§ **TASK TO CARRY OUT**
Here is a listing. Write it all out again exactly, but not its pictures.

§ **DATA PROVIDED**
::::

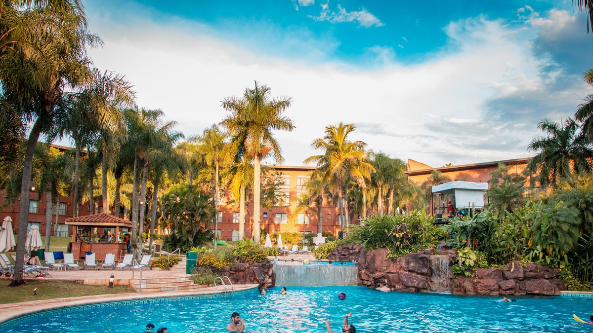 El hotel cuenta con 134 habitaciones rodeadas de jardines tropicales, piscinas exteriores, spa con saunas y terma romana, gimnasio y una oferta gastronómica de alto nivel. Su cercanía al Parque Nacional Iguazú lo convierte en una base estratégica para combinar excursiones con momentos de relax.
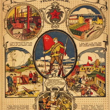 Original antique Donetsk Russian Civil War poster featuring colourful illustrations of industrial factories and transport by train and sea, farmers and people in a busy street scene, men handing out rifle guns to soldiers with an image of a soldier holding a gun and red RSFSR (Russian Soviet Federative Socialist Republic) flag standing over the river in the centre with the title above and text in scrolls next to the images reading - Why do we need the Donetsk Basin Coal and Iron 1. When the Donetsk Basin is ours, we will have coal, then all our factories and plants will start working 2. When we have coal, trains and steamboats will deliver grain to the starving cities and villages 3. When the Donetsk Basin is ours, we will have iron, then the peasant will have something to repair his plough and make a wheel, he will have a sickle, a scythe, a shovel, an axe and agricultural tools and equipment 4. When we have coal and iron, factories and plants will work, we will have bread, fabric, shoes and all sorts of goods - all that the White Guards who have seized the Donetsk Basin are depriving us of The Donetsk pool should be ours! Red Army men to arms! Workers and peasants to arms! Let us crush the gangs of the tsarist General Denikin who, in order to please the kulaks and landowners, wants to starve the revolutionary peasants and workers. Good condition, restored tears, small restored paper losses, browning, minor staining, backed on linen.
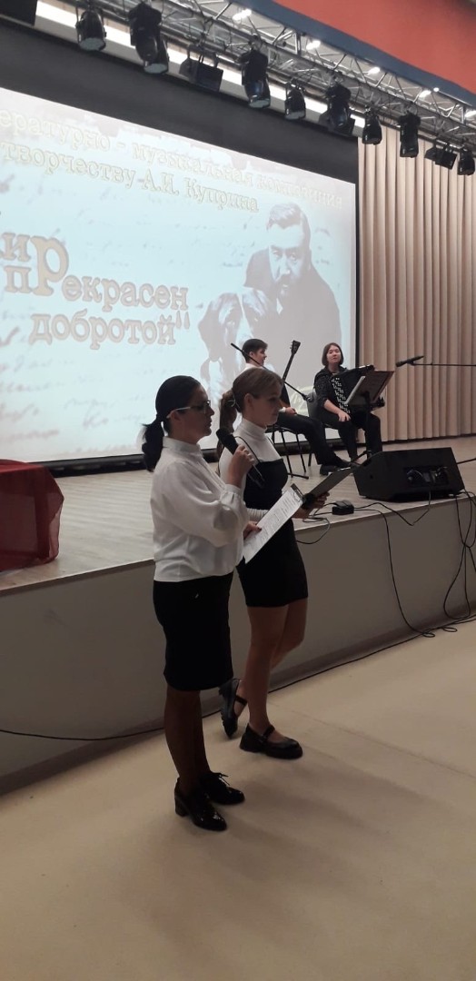 26 сентября 2023 года для учащихся 8-х классов МБОУ СОШ №15, ул. Захарова, д.15 состоялся Лекторий "Мир прекрасен добротой" по творчеству А.И. Куприна. Лекторий по художественно-эстетическому воспитанию школьников прошел в рамках Музыкального проекта социального партнерства МБУК «Коломенская филармония» и МБУ ДПО УМЦ «Коломна» «ЧИТАЕМ С МУЗЫКОЙ».
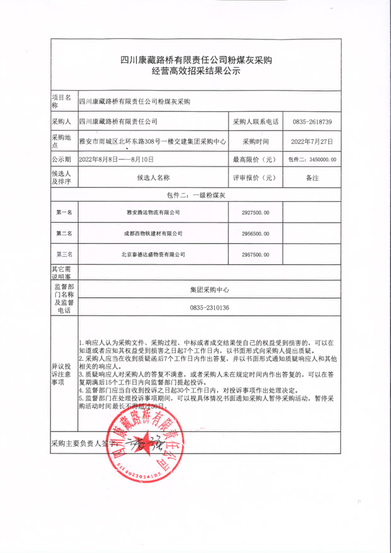 四川康藏路桥有限责任公司粉煤灰采购经营高效招采结果公示

::::

§ **REPLY**
 El hotel cuenta con 134 habitaciones rodeadas de jardines tropicales, piscinas exteriores, spa con saunas y terma romana, gimnasio y una oferta gastronómica de alto nivel. Su cercanía al Parque Nacional Iguazú lo convierte en una base estratégica para combinar excursiones con momentos de relax.
 Original antique Donetsk Russian Civil War poster featuring colourful illustrations of industrial factories and transport by train and sea, farmers and people in a busy street scene, men handing out rifle guns to soldiers with an image of a soldier holding a gun and red RSFSR (Russian Soviet Federative Socialist Republic) flag standing over the river in the centre with the title above and text in scrolls next to the images reading - Why do we need the Donetsk Basin Coal and Iron 1. When the Donetsk Basin is ours, we will have coal, then all our factories and plants will start working 2. When we have coal, trains and steamboats will deliver grain to the starving cities and villages 3. When the Donetsk Basin is ours, we will have iron, then the peasant will have something to repair his plough and make a wheel, he will have a sickle, a scythe, a shovel, an axe and agricultural tools and equipment 4. When we have coal and iron, factories and plants will work, we will have bread, fabric, shoes and all sorts of goods - all that the White Guards who have seized the Donetsk Basin are depriving us of The Donetsk pool should be ours! Red Army men to arms! Workers and peasants to arms! Let us crush the gangs of the tsarist General Denikin who, in order to please the kulaks and landowners, wants to starve the revolutionary peasants and workers. Good condition, restored tears, small restored paper losses, browning, minor staining, backed on linen.
 26 сентября 2023 года для учащихся 8-х классов МБОУ СОШ №15, ул. Захарова, д.15 состоялся Лекторий "Мир прекрасен добротой" по творчеству А.И. Куприна. Лекторий по художественно-эстетическому воспитанию школьников прошел в рамках Музыкального проекта социального партнерства МБУК «Коломенская филармония» и МБУ ДПО УМЦ «Коломна» «ЧИТАЕМ С МУЗЫКОЙ».
 四川康藏路桥有限责任公司粉煤灰采购经营高效招采结果公示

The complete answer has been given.